Estimated attendance: 30 people
- Deal: Methodist preacher, former Roman Catholic
- Stout: Arthur C. Clarke's "The Star" has a Jesuit; most Jesuit scientists are astronomers
- Gordon: (read some long statement)
- Deal: Jesuits known for education
- Deal: "Scientific, mechanical, let's get to the evidence"
- Powers: Jesuits tried to "protect the heathen documents they came across"
- Powers: Emphasis on what is true, not "true for you but not for me"
- Wile: Divine revelation versus natural revelation
- Powers: The Vatican has an observatory
- Stout: "The Star"
- Wile/Deal: Science and religion are not at odds.
- Gordon: Baha'i
- Gordon: Superman, E.T., Christ myths
- [Me: Maybe they wanted to reclaim Moshiach]
- Deal: Christ comes from Prometheus, etc.
- Powers: Balder, Osiris, Dionysus retrieval
- Wile: James Morrow's Towing Jehovah
- Wile: Religion and atheism oppose
- Powers: If chimps can lie, they can sin
- Powers: So should we baptize them?
- Powers: Atheists unhappy with how narrow a range permits life
- Stout: Morrow says all hate the Corpus Dei: feminists, Roman Catholics, atheists
- Stout: It's the "blind man and the elephant"

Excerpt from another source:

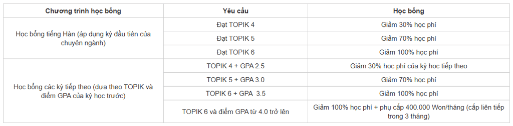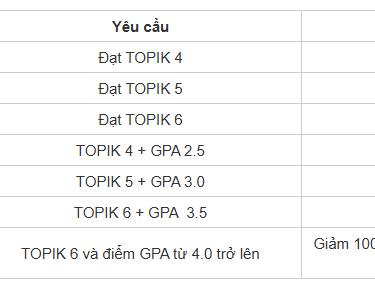 Hệ Sau đại học: Tốt nghiệp đại học với thành tích tốt, có TOPIK 3-5 tùy mỗi ngành học

- Audience: James Blish's A Case of Conscience
- Stout: Mary Doria Russell's The Sparrow, Children of God
- Stout: "Dante's Dream"
- Gordon: Former member of Ancient Astronauts Society
- [Me: Davidi Brin's "Uplift", Olaf Stapledon's Odd John, Nigel Kneale's Quatermass and the Pit]
- Powers: Arthur C. Clarke's Childhood's End, A. E. Van Vogt's Slan
- [Me: Clifford D. Simak's City has a hierarchy of beings with induced evolution]
- Deal: Angels are really just messengers
- Deal: "Text without a context is just a pretext."
- Deal: Science fiction was in the Bible to begin with
- Stout: In Stargate they are becoming more powerful, not more godlike
- Wile: Perfection implies no story
- [Me: But what about "Captain Stormfield's Visit to Heaven"?]
- Audience: Dante did it
- Gordon: Science fiction as moral teacher
- Powers: Not science fiction's job to improve the reader
- Wile: Plenty of anti-moral science fiction stories
Recommended Readings for Book Discussion Groups
Sunday, 2:00 PM
Oz Fontecchio (mod), Scheherazade Jackson, Andrew C. Ely
Description: "[none given]"
Estimated attendance: 6 people
- Oz: Runs the PSFS discussion group since 1987; has no complete record of books discussed
- Jackson: Runs Scholastic Book Fair for 14- to 21-year-olds in west Philadelphia
- Oz: His focus is adult science fiction because of the group
- Ely: "Planet Trash"
- Jackson: Books that will capture their imaginations
- Jackson: "Children of the Lamp" series
- Jackson: Focus is science fiction and fantasy because they already see horror and reality
- Oz: Gets suggestions from group (29-60 years old, 12-15 people (max 25), 3-4 hours), rates books at the end
- Oz: "Last Licks"
- Ely: On-line Instant Messaging, 5-6 people
- Jackson: Kids will recommend books (or ideas, like time travel to the Middle Ages)
- Ely: Six years buying science fiction for a bookstore
- Jackson: "Children of the Lamp" series (8-16), "Wrinkle in Time" series, The Hobbit, The Last Unicorn, "The Dark Is Rising" series, "Narnia" series, "His Dark Materials", the "Wizardology" series had issues
- Jackson: "Harry Potter" movie/book combo; darkness bothered the girls more than the boys
- Oz: Old and new
- [discussion of library donations]
- Oz: Books with some element of controversy: Robert A. Heinlein's Starship Troopers and The Moon Is a Harsh Mistress
- Oz: In Stranger in a Strange Land, Valentine Michael Smith is a cult leader
- Oz: Dune
- Oz: "His Dark Materials" is the only series done
- Ely: Ender's Game, earlier Isaac Asimov
- Oz: Collections
- Oz: The Tempest
- Oz: "Butt-crusher" novels giving way to shorter stuff in marketplace
- Audience/Ely: "Harry Potter" sleepover weekend
Miscellaneous
There were lots of free books--all brought by other members--and reduced prices in the Dealers Room.
Why has there never been a panel about Bollywood horror films (or fantasy or science fiction)?